Apache Hive : Subqueries in SELECT

Problem

Currently Hive doesn’t support subqueries in a SELECT statement, for example, the following query will not run on Hive:

SELECT customer.customer\_num,
	(SELECT SUM(ship\_charge) 
		FROM orders
		WHERE customer.customer\_num = orders.customer\_num
	) AS total\_ship\_chg
FROM customer 

Recently a lot of work has been done to extend support for subqueries (HIVE-15456). But this work primarily targeted extending subquery support in WHERE and HAVING clauses. We plan to continue the work done in HIVE-15456 to support subqueries in a select list (see HIVE-16091).

Assumptions

We plan to limit the scope with the following assumptions and limitations.

Not Supported

-- subquery in non-simple expression
SELECT 1 + (SELECT SUM(ship\_charge) FROM orders), customer.customer\_num FROM customer
 
-- subquery in CASE
SELECT CASE WHEN (select count(*) from store\_sales 
                  where ss\_quantity between 1 and 20) > 409437
            THEN (select avg(ss\_ext\_list\_price) 
                  from store\_sales 
                  where ss\_quantity between 1 and 20) 
            ELSE (select avg(ss\_net\_paid\_inc\_tax)
                  from store\_sales
                  where ss\_quantity between 1 and 20) end bucket1
FROM reason
WHERE r\_reason\_sk = 1

Not Supported

SELECT customer.customer\_num,
	(SELECT ship\_charge 
		FROM orders
		WHERE customer.customer\_num = orders.customer\_num
	) AS total\_ship\_chg
FROM customer 

Not Supported

SELECT customer.customer\_num,
	(SELECT ship\_charge, customer\_num
		FROM orders LIMIT 1
	) AS total\_ship\_chg
FROM customer

Not Supported

SELECT customer.customer\_num,
	(SELECT customer.customer\_num 
		FROM orders
		WHERE customer.customer\_num = orders.customer\_num
	) AS total\_ship\_chg
FROM customer 

Design

Given the assumptions above, the following kind of subqueries could be used in SELECT. 

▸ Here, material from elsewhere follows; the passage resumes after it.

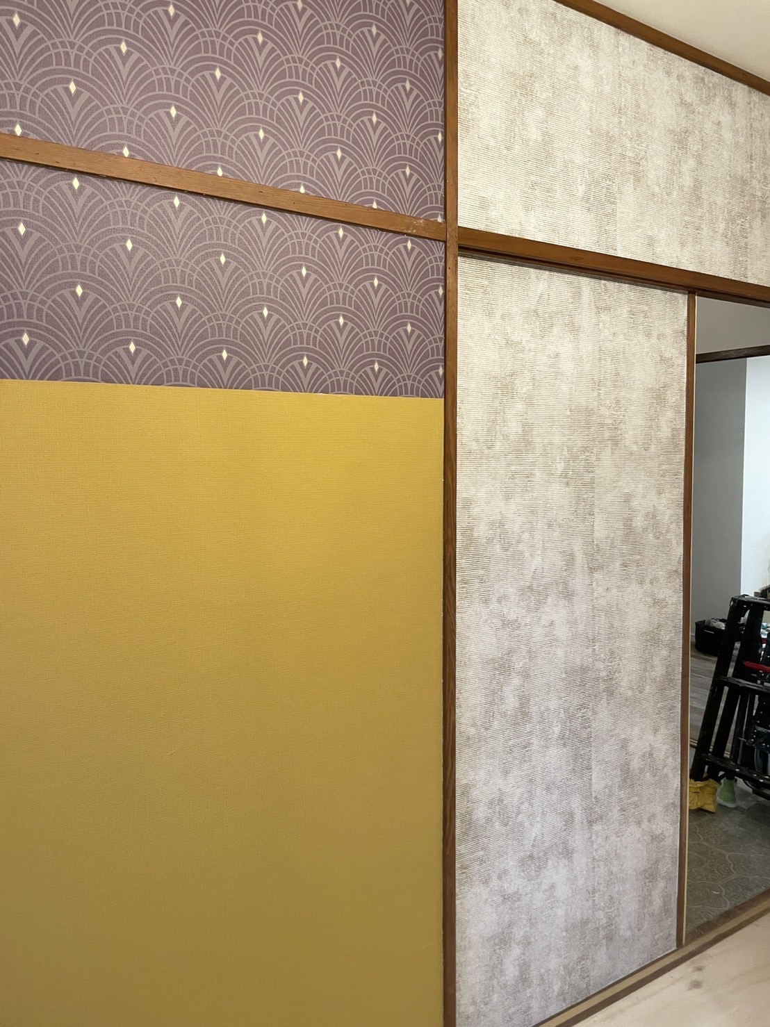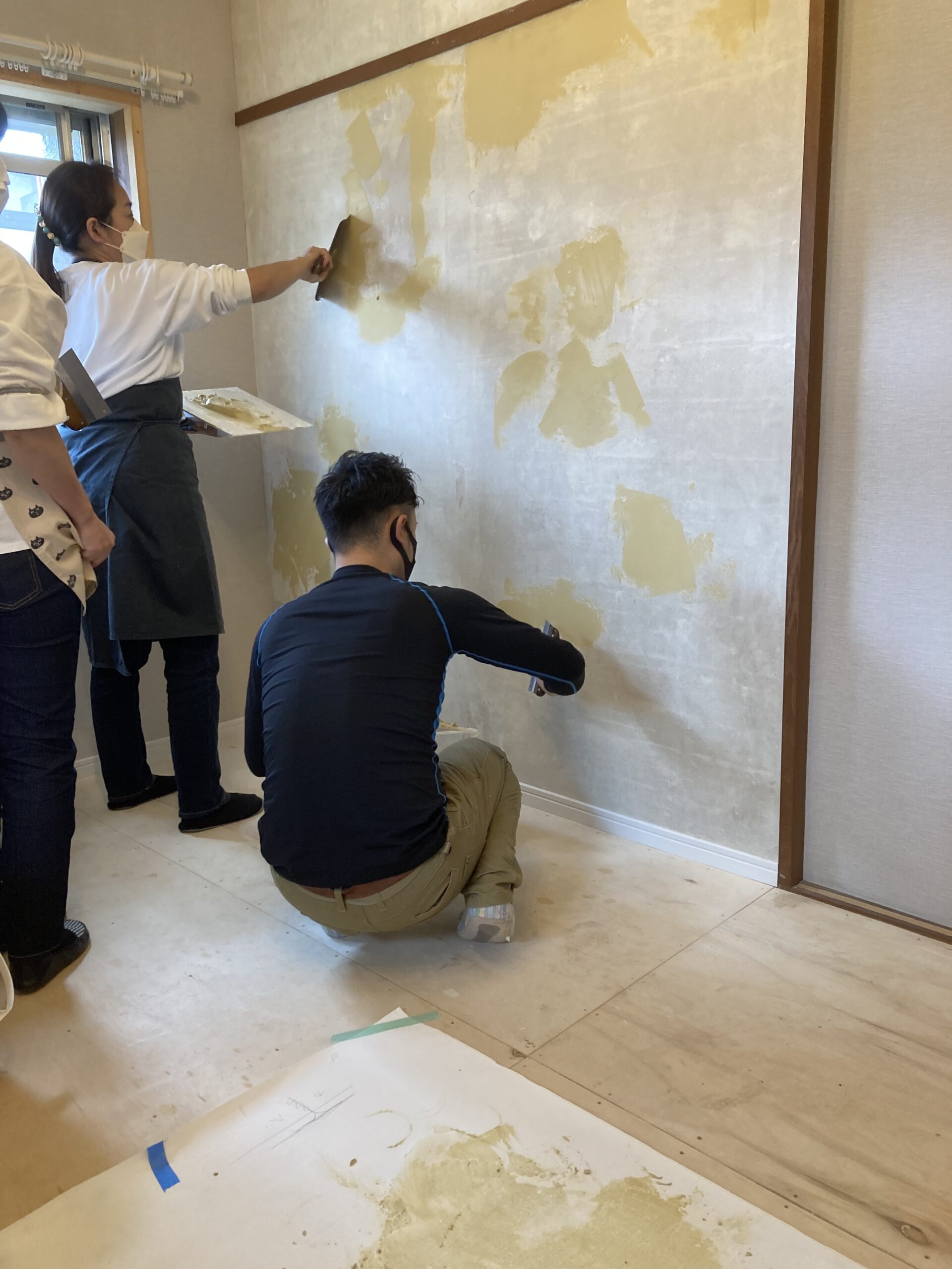 壁の一面を変えるだけでもかなり雰囲気が変わります。既存の壁紙はがし→パテつくり→パテ埋め→やすりかけ…下処理をしっかり施していよいよ壁紙貼りです。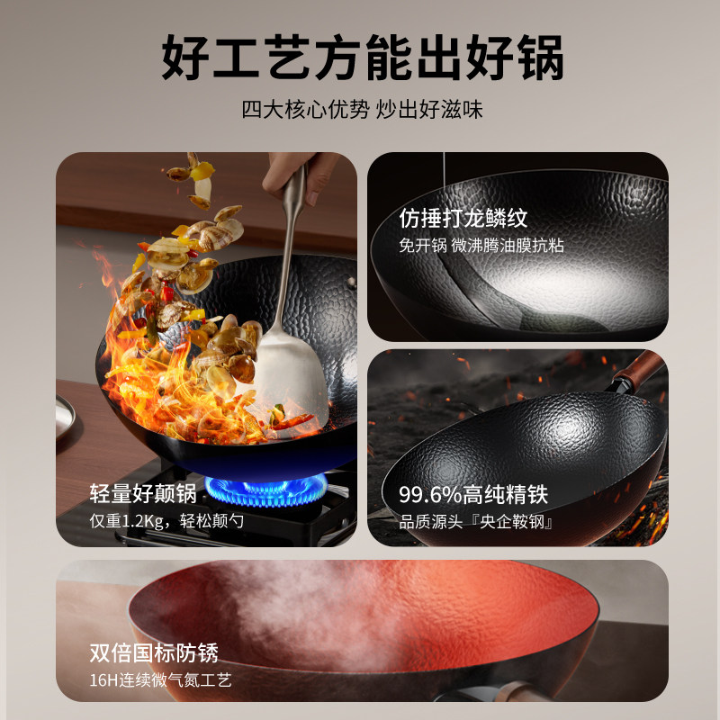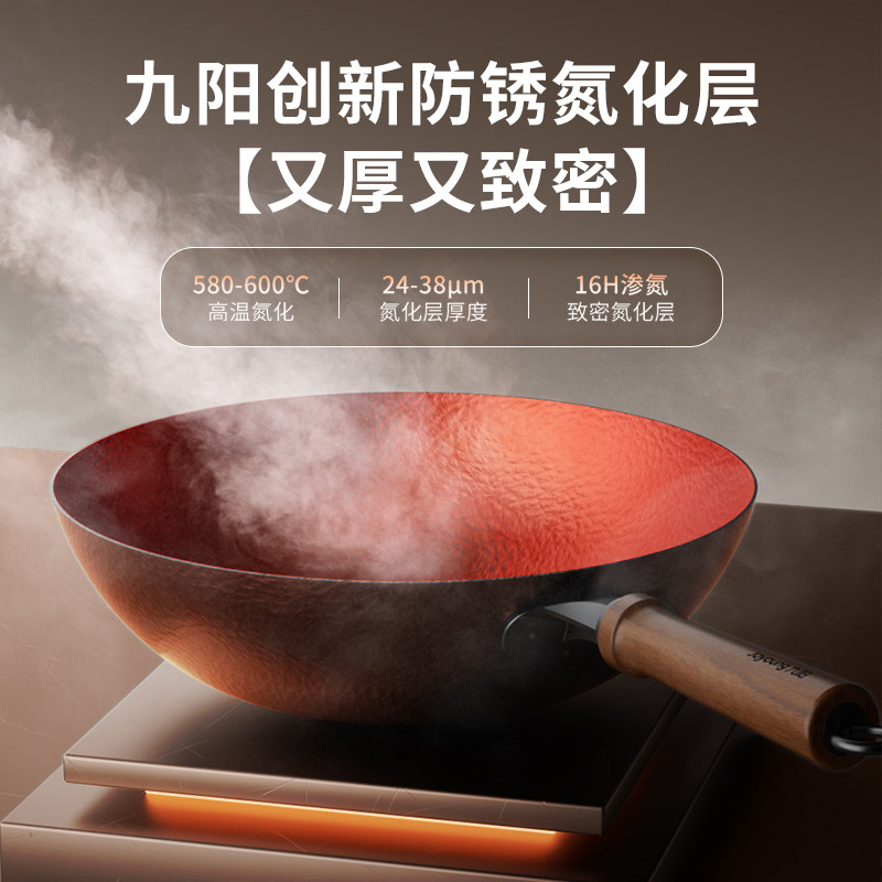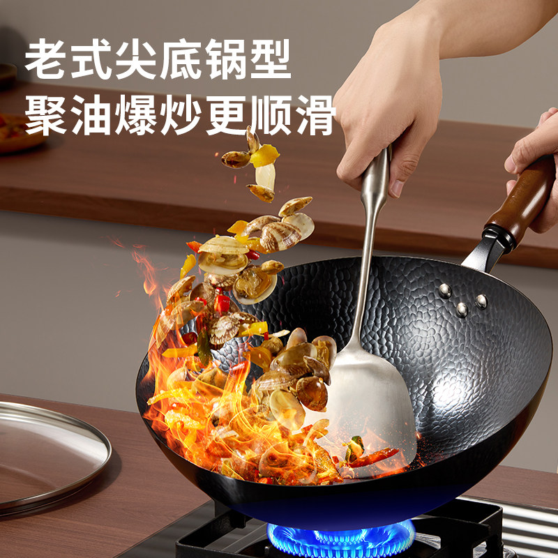 九阳铁锅炒菜锅家用炒锅老式锤纹燃气煤气灶专用无涂层防粘精铁锅

SELECT customer.customer\_num,
	(SELECT SUM(ship\_charge) 
		FROM orders
		WHERE customer.customer\_num = orders.customer\_num
	) AS total\_ship\_chg
FROM customer 
SELECT p\_size IN (
		SELECT MAX(p\_size) FROM part)
FROM part
SELECT EXISTS(SELECT p\_size FROM part)
FROM part

All of the above queries could be correlated or uncorrelated.

Design for this will be similar to the work done in HIVE-15456.

 HIVE-16091 covers the initial work for supporting subqueries in SELECT.